Just another Damasko one










Stowa Seatime in London


----------



## Apollo83

stuffler said:


> Just another Damasko one


I love the angles and the background on this one Mike.
But I'm a little worried why two Damasko's are so far out of sync. ;-)


----------



## ufbot

My Steinhart OVM finally arrived, so I took these today. Hope they're up to par!


----------



## Anatoly

I'll contribute...


----------



## The Guvnah

Nokie said:


> Nice.


Even nicer if Apollo had taken it on the 6th of the month. ;-)


----------



## rhst1

Nice use of selective focus


----------



## nimbushopper

OK, I'll play! Here's some of mine.


----------



## teeritz

I used to sell watches, so I got pretty sick of seeing wrists day in, day out. Which is why I tend to stage my watch shots. Plus the fact that I have 6.5 inch wrists.
Here are a few from my reviews. Apologies for the quality. I'm no master photographer and I don't have Photoshop;




























And some random shots;





































Cheers, all.


----------



## unsub073

nimbushopper said:


> OK, I'll play! Here's some of mine.


Sinn and Yuengling in the same picture. It really doesn't get much better than that.


----------



## Ric Capucho

Celadon Imperial (taken yesterday 'cos I wanted to play with Frau Capucho's new Leica C. But F/2.0 isn't fast enough to get a really hot depth of field going) 

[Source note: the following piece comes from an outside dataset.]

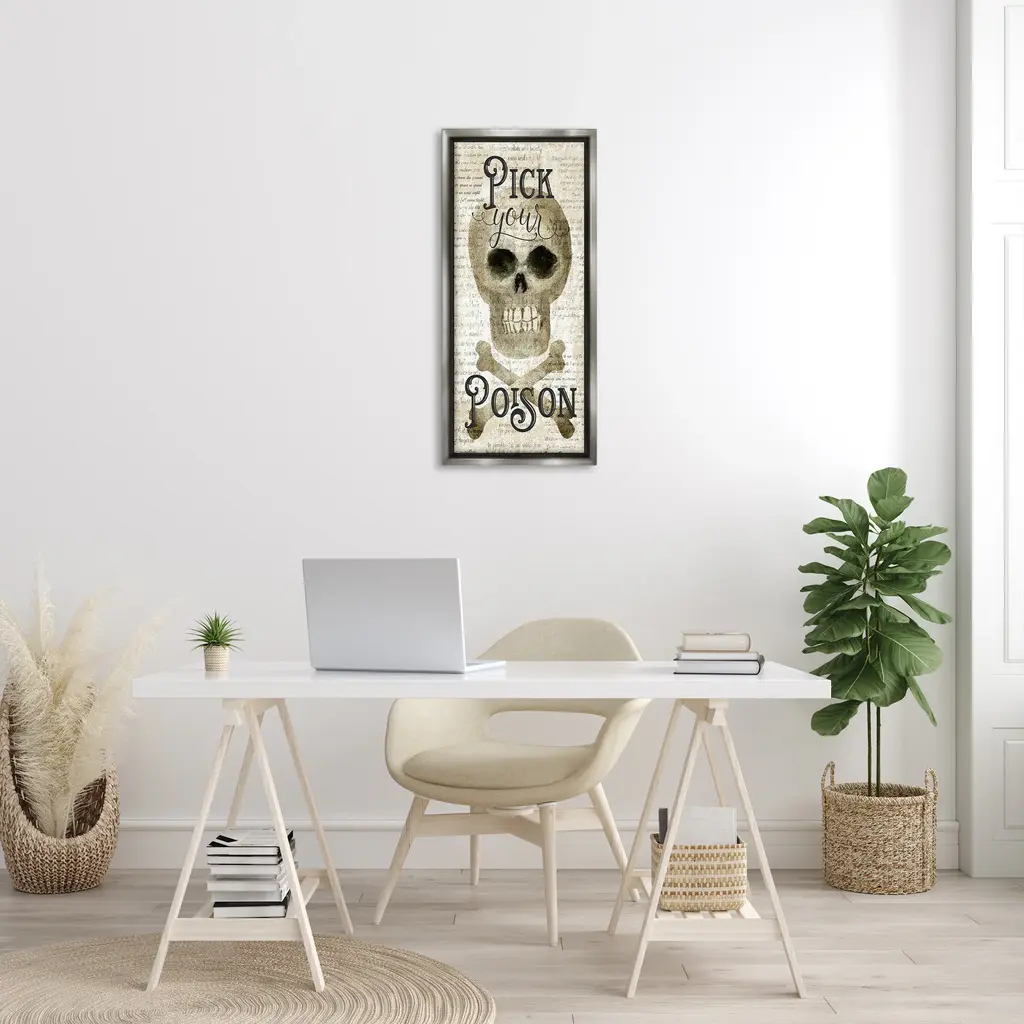 Stupell Pick Your Poison Skull Framed Floater Canvas Wall Art Design By Deane Beesley - 14 X 31 - Grey

Ca. 1969 Stowa Landeron 248 (great setup, about all I can get out of my iPhone 4S, and I get a lot of admiring comments. But I over processed the depth of field... then deleted the flat original. Daft sod. Shall set it all up again sometime, and see how it can be improved)

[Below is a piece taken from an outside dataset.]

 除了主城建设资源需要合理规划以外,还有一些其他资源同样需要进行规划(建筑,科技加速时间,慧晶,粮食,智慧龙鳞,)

Ca. 1961-2 Strela 3017 (used a piece of paper as a makeshift diffuser for the direct sunlight. Over-diffused, basically, so it looks a bit overcast)









Ca. 1969 Omega Seamaster 120 (snapped on my favourite sunlit rock at the corner of our garden. Really should consider diffusing the sunlight at that spot one of these days)









Vostok Amfibia 1967 (doused in fizzy water, doused in still water, love taking pickies of this watch)



























Stowa Flieger Auto COSC (iPhone 4S again on a Dubai hotel balcony. Lolita sunglasses are my wife's, I hasten to add)









Shuangling 40 Zuan (I've yet to take a decent pickie of this watch. Best effort so far)









Junghans Max Bill Chronoscope (A very photogenic watch)



























Beijing ZunJue (ok, not really a still-life, but I kept my hand very still)









Beijing BeiHai (playing with the shadows and rule of thirds on the wife's piano)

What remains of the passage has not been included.